→ What needs to be done:
Skip every picture. Print each line from the one containing "Os resultados estão" through the end of the records below, word for word.

== Segment start ==

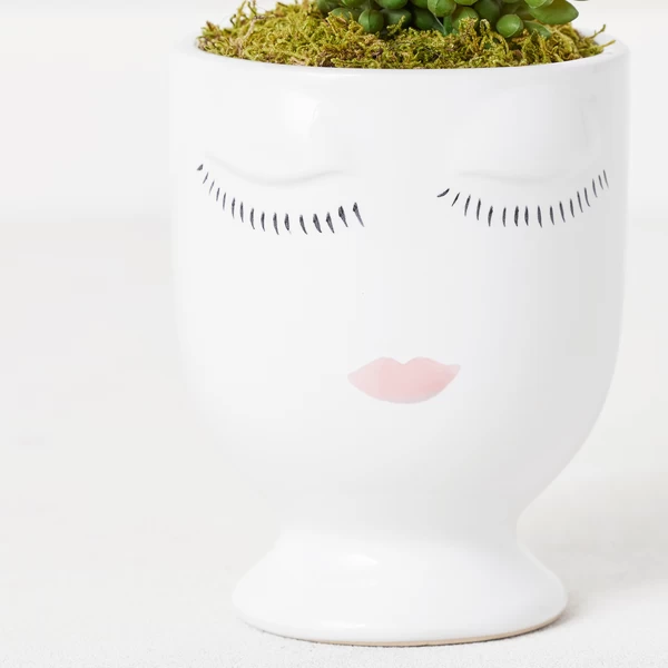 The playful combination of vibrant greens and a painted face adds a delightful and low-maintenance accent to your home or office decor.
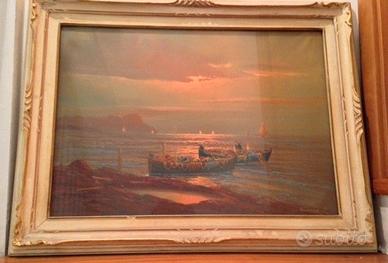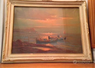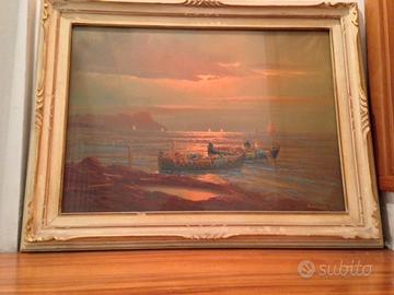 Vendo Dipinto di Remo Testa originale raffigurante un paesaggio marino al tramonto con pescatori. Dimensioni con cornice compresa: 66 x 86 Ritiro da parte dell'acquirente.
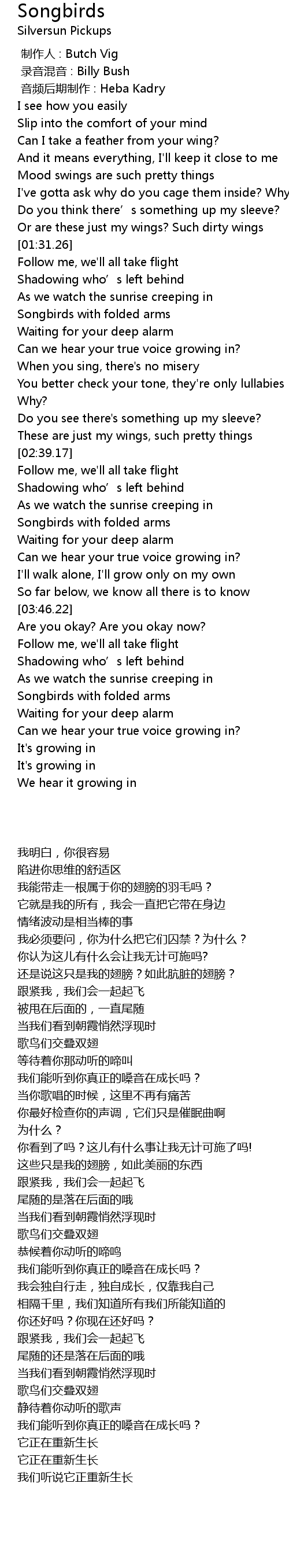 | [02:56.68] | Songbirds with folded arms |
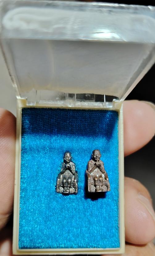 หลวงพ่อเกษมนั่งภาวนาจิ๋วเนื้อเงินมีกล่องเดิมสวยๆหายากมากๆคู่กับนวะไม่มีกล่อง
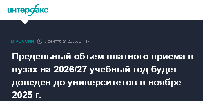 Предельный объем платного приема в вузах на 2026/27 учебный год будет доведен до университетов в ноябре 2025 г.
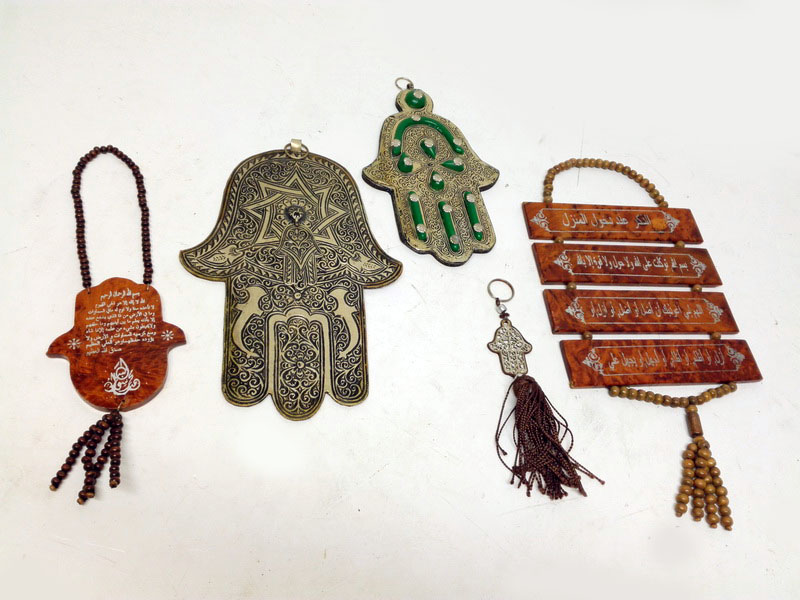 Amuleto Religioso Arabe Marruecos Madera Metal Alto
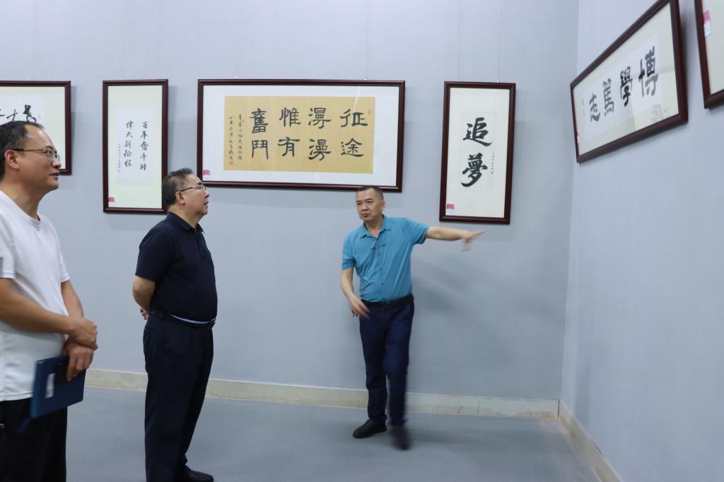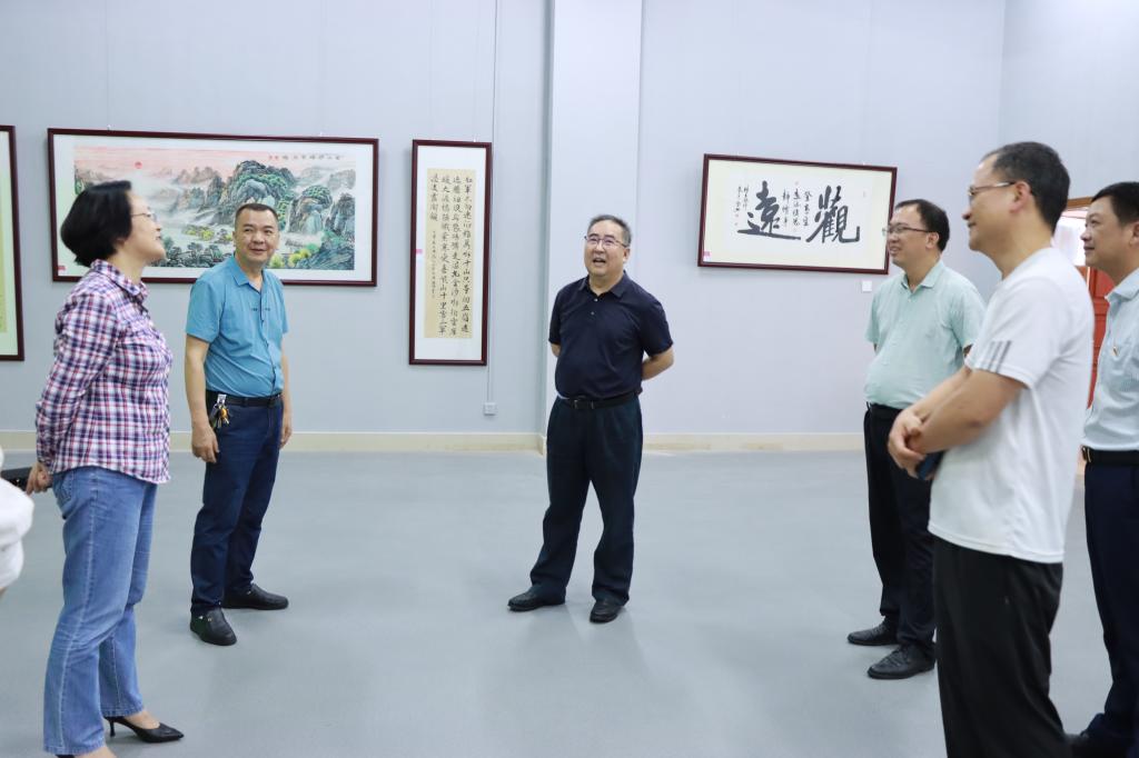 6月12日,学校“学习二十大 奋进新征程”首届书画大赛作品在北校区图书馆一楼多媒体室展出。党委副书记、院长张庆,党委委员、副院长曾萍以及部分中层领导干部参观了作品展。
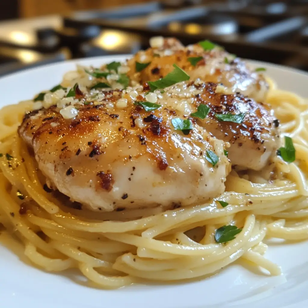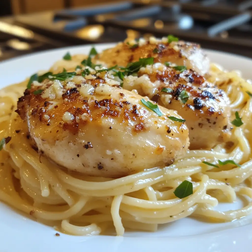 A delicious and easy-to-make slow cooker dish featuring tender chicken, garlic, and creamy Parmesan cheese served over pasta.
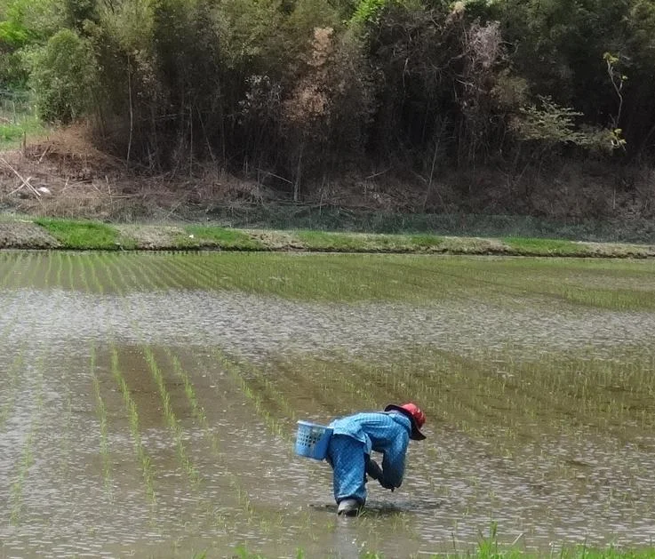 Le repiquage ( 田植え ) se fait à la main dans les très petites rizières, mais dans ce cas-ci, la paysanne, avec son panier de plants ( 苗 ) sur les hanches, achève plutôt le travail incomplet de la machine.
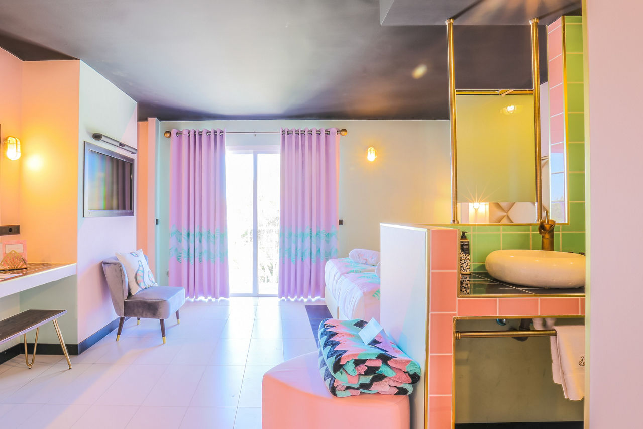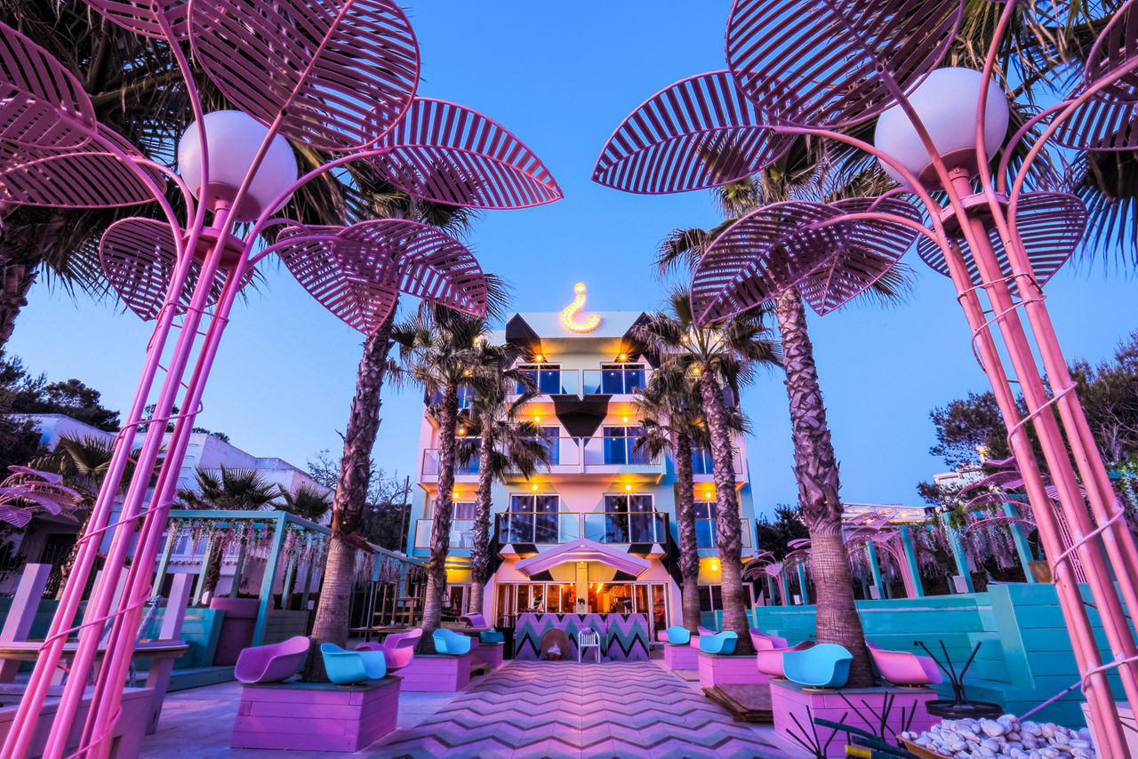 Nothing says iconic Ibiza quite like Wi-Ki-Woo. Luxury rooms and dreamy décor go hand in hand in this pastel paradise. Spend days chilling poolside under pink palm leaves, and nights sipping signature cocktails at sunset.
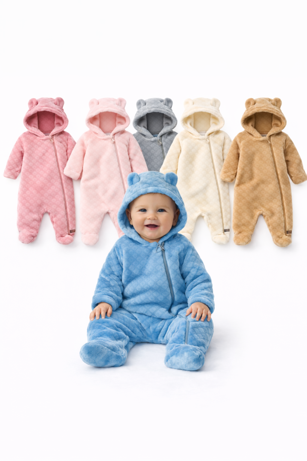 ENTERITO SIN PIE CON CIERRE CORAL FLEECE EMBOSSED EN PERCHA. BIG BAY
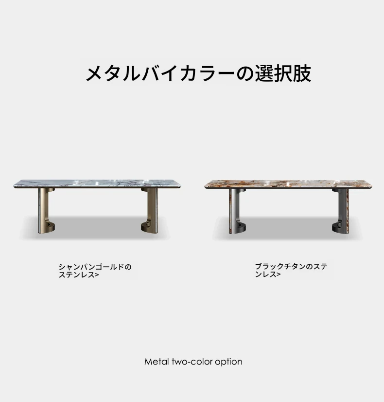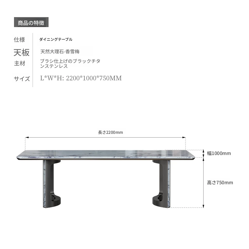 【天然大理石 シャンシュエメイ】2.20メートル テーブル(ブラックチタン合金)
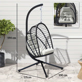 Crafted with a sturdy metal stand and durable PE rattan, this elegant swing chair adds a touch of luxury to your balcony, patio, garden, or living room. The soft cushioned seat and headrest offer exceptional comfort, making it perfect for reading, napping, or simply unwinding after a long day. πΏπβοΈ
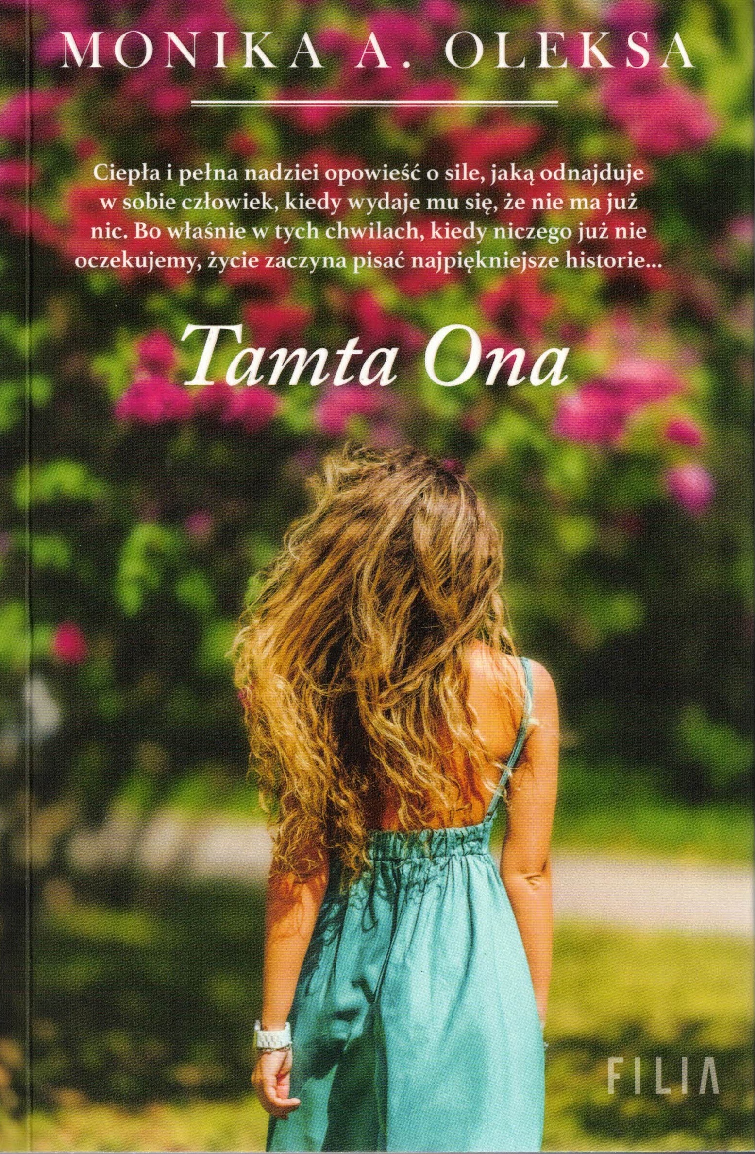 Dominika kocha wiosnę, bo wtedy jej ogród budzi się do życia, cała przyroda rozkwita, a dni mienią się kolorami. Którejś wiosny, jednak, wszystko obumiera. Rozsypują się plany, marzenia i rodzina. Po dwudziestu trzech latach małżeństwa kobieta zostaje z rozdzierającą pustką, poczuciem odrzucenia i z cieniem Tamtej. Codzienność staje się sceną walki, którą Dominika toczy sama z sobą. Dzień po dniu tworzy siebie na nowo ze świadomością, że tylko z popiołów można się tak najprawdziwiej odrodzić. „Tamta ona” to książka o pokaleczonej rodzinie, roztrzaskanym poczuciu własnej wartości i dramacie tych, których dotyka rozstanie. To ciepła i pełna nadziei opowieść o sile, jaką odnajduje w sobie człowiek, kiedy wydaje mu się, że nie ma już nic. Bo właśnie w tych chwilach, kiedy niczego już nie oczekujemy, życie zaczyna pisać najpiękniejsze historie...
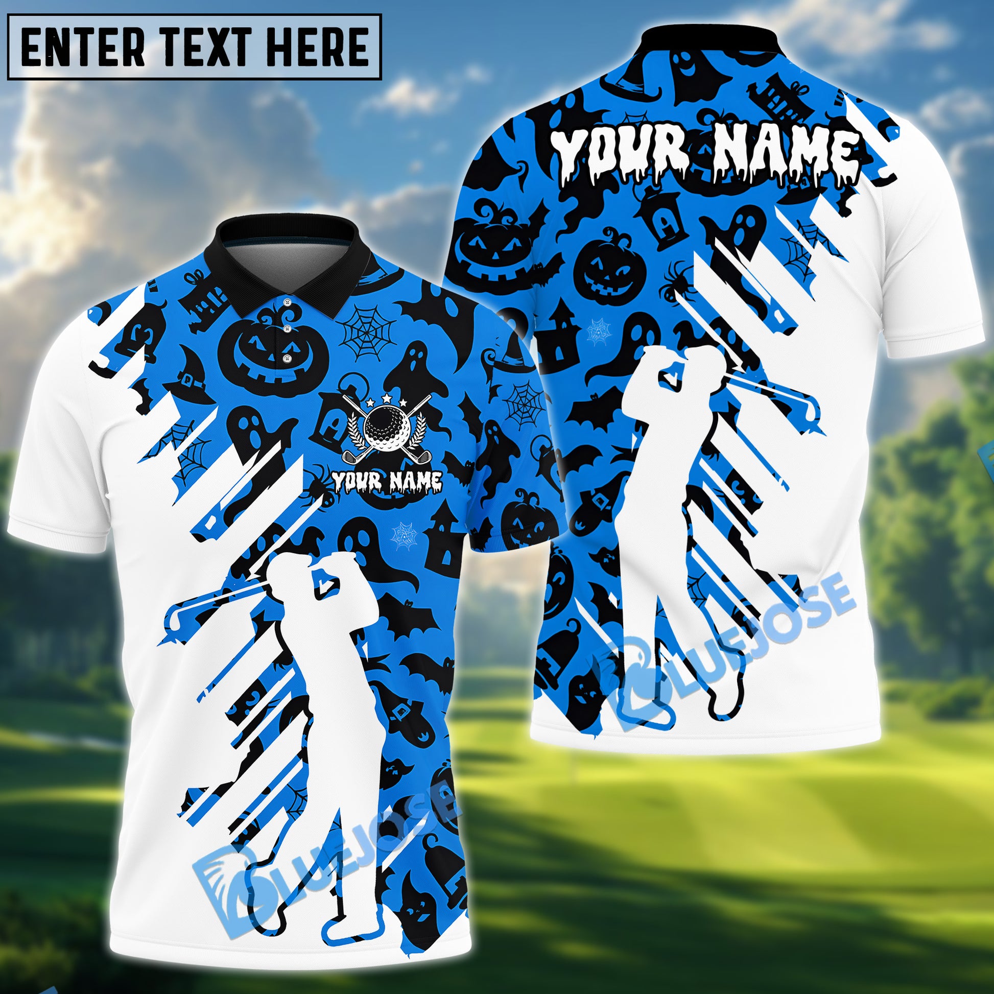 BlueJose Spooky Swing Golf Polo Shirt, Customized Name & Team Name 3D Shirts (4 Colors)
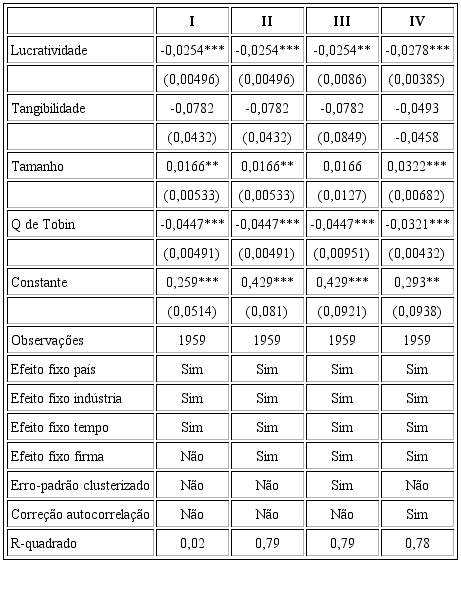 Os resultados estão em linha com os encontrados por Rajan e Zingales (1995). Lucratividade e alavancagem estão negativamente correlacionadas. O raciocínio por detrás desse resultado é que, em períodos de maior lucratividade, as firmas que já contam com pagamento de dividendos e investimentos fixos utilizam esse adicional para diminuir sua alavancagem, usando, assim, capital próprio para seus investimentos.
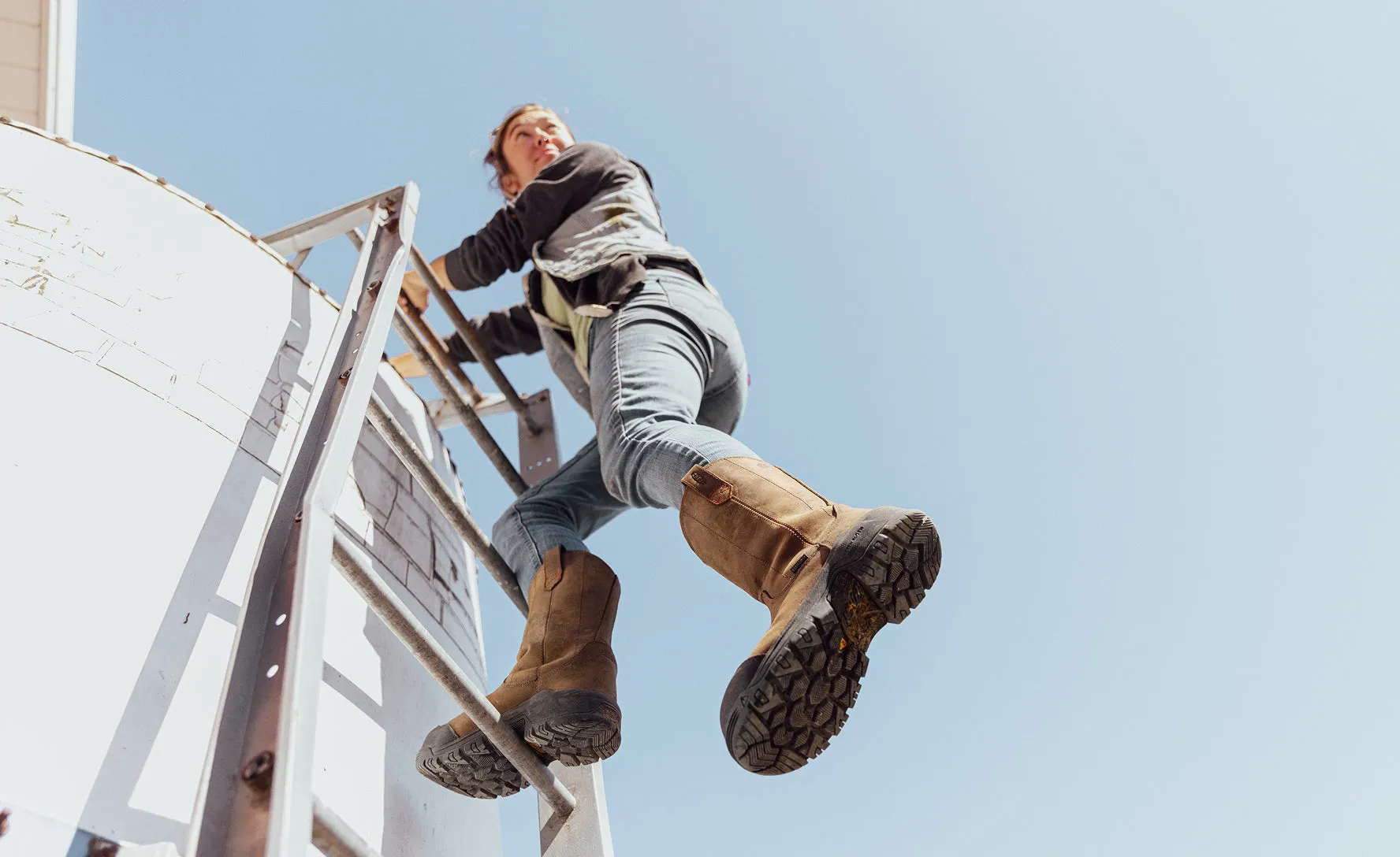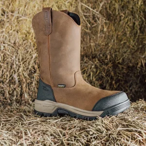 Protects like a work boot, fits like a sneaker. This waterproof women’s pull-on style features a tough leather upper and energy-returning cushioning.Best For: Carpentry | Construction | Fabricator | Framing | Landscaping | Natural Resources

== Segment end ==

→ Solution for this problem:
 Os resultados estão em linha com os encontrados por Rajan e Zingales (1995). Lucratividade e alavancagem estão negativamente correlacionadas. O raciocínio por detrás desse resultado é que, em períodos de maior lucratividade, as firmas que já contam com pagamento de dividendos e investimentos fixos utilizam esse adicional para diminuir sua alavancagem, usando, assim, capital próprio para seus investimentos.
 Protects like a work boot, fits like a sneaker. This waterproof women’s pull-on style features a tough leather upper and energy-returning cushioning.Best For: Carpentry | Construction | Fabricator | Framing | Landscaping | Natural Resources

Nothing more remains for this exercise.